Alors que la Haute Autorité de Santé vient d’annoncer ses recommandations en matière de stratégie vaccinale anti-Covid, rencontre avec sa présidente, le Pr Le Guludec.
La HAS est une autorité publique indépendante, à caractère scientifique. C’est-à-dire que nous nous appuyons au maximum sur la science et la littérature professionnelle pour donner les avis que nous publions. L’autre caractéristique de la HAS, c’est son champ d’intervention qui est extrêmement vaste, et avant tout transversal. Ce qui nous permet d’appréhender le système de santé dans sa globalité. Ce champ va de l’évaluation des médicaments, des dispositifs médicaux au remboursement des actes des professionnels de santé. Nous émettons également des recommandations liées aux bonnes pratiques professionnelles, à la santé publique et à la pertinence du parcours de soins.
Le troisième axe, concerne la mesure de l’amélioration de la qualité dans les établissements de santé et dans les établissements sociaux et médico-sociaux.
Le maître mot chez nous c’est : « nous ne faisons rien seuls ». Nous construisons tout ce que nous faisons avec les professionnels de santé et des secteurs social et médico-social et les usagers du système de soins. La HAS n’invente rien, seule dans son coin. Ce n’est pas une entité technocratique qui décrète d’en haut. Elle met tous les acteurs autour de la table pour avancer.
Nous avons un Collège de la Haute Autorité de Santé qui est responsable des orientations stratégiques, de la programmation et de la mise en œuvre des missions qui sont assignées par le législateur. C’est l’instance délibérante de la maison, qui est également garante de la rigueur scientifique et de l’impartialité de nos productions.

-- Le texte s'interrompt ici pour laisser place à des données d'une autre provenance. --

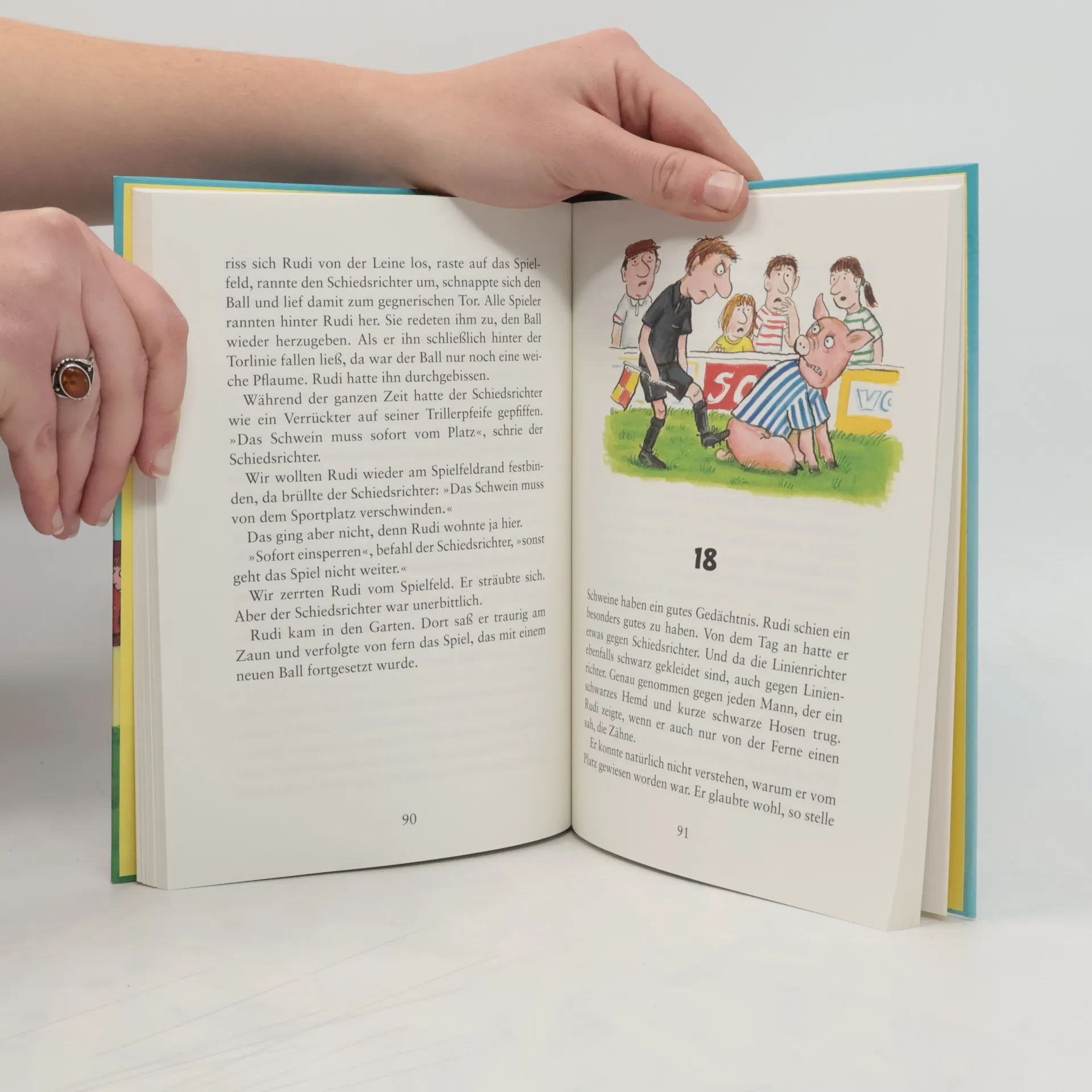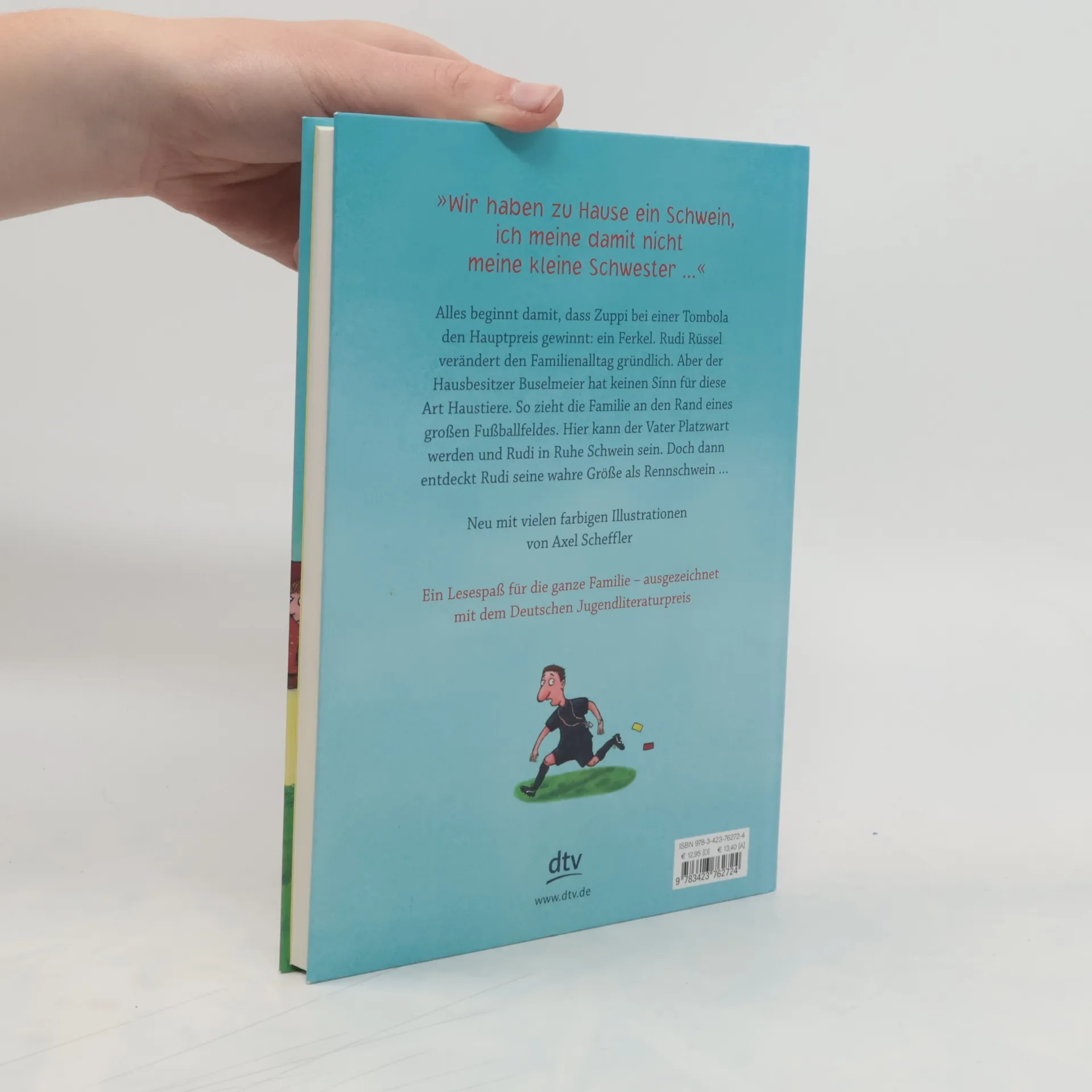 Es rennt und rennt und rennt... »Wir haben zu Hause ein Schwein. Ich meine damit nicht meine kleine Schwester ...« Alles beginnt damit, dass Zuppi bei einer Tombola den Hauptpreis gewinnt: ein Ferkel. Rudi Rüssel verändert den Familienalltag gründlich. Aber der Hausbesitzer Buselmeier hat keinen Sinn für diese Art Haustiere. So zieht die Familie an den Rand eines großen Fußballfeldes. Hier kann der Vater, ein arbeitsloser Ägyptologe, Platzwart werden und Rudi in Ruhe Schwein sein. Doch dann entdeckt Hausschwein Rudi seine wahre Größe als Rennschwein ...

Pour rendre ses avis, le Collège s’appuie sur des commissions spécialisées. Elles sont au nombre de huit. Nous avons aussi créé une commission, assez nouvelle dans l’esprit, qui s’intéresse à l’étude de l’impact de nos recommandations. Et récemment mis en place un conseil très transversal : le conseil de l’engagement des usagers. Il a pour finalité d’accroître la participation des usagers dans le système de santé. Ce qui fait notre légitimité c’est d’avoir des méthodes de travail et de production totalement transparentes.
Nous sommes aujourd’hui dans un contexte d’innovation d’une richesse incroyable, que ce soit en termes de produits de santé, avec l’apparition de nouveaux médicaments et de nouvelles techniques, ou en termes de modes organisationnels. Ces enjeux, nous les avons traduits en 6 priorités qui sont consultables sur notre site Internet. Il nous faut nous approprier ces évolutions, les évaluer, et faire des choix pour pouvoir les déployer au mieux. Comme, par exemple, pour le numérique en santé qui sera de plus en plus prégnant.
On voit à quel point, en quelques mois, avec la crise de la Covid, les choses ont bougé en la matière. Je pense que les Français, patients comme professionnels de santé, y sont prêts. Mais il ne suffit pas que les acteurs soient prêts. Il faut que tous les outils suivent. Il y a des priorités aujourd’hui qui nous semblent porter sur l’équipement de tous les Français et de toutes les structures, particulièrement les structures sociales et médico-sociales qui ont un retard à rattraper en matière d’équipement numérique adapté. J’insiste également sur la nécessaire interopérabilité de tous les logiciels que l’on met en place si l’on veut vraiment s’en servir de manière utile et efficace.
La demande en santé de la société va continuer à croître : augmentation des maladies chroniques, innovations technologiques… Cette réalité va nous obliger à faire des choix importants pour continuer à garantir une égalité d’accès aux soins pour tous, tout en gardant à l’esprit la nécessité d’améliorer les conditions d’exercice des professionnels de santé. Les changements qui s’annoncent sont radicaux. Il faut impliquer la population dans la priorisation des choix en matière de santé et en termes d’allocation des ressources, puisque c’est la collectivité qui finance entièrement notre système de soins.
Pourquoi pas. Je crois que le débat public est un outil particulièrement adapté aux choix publics en santé.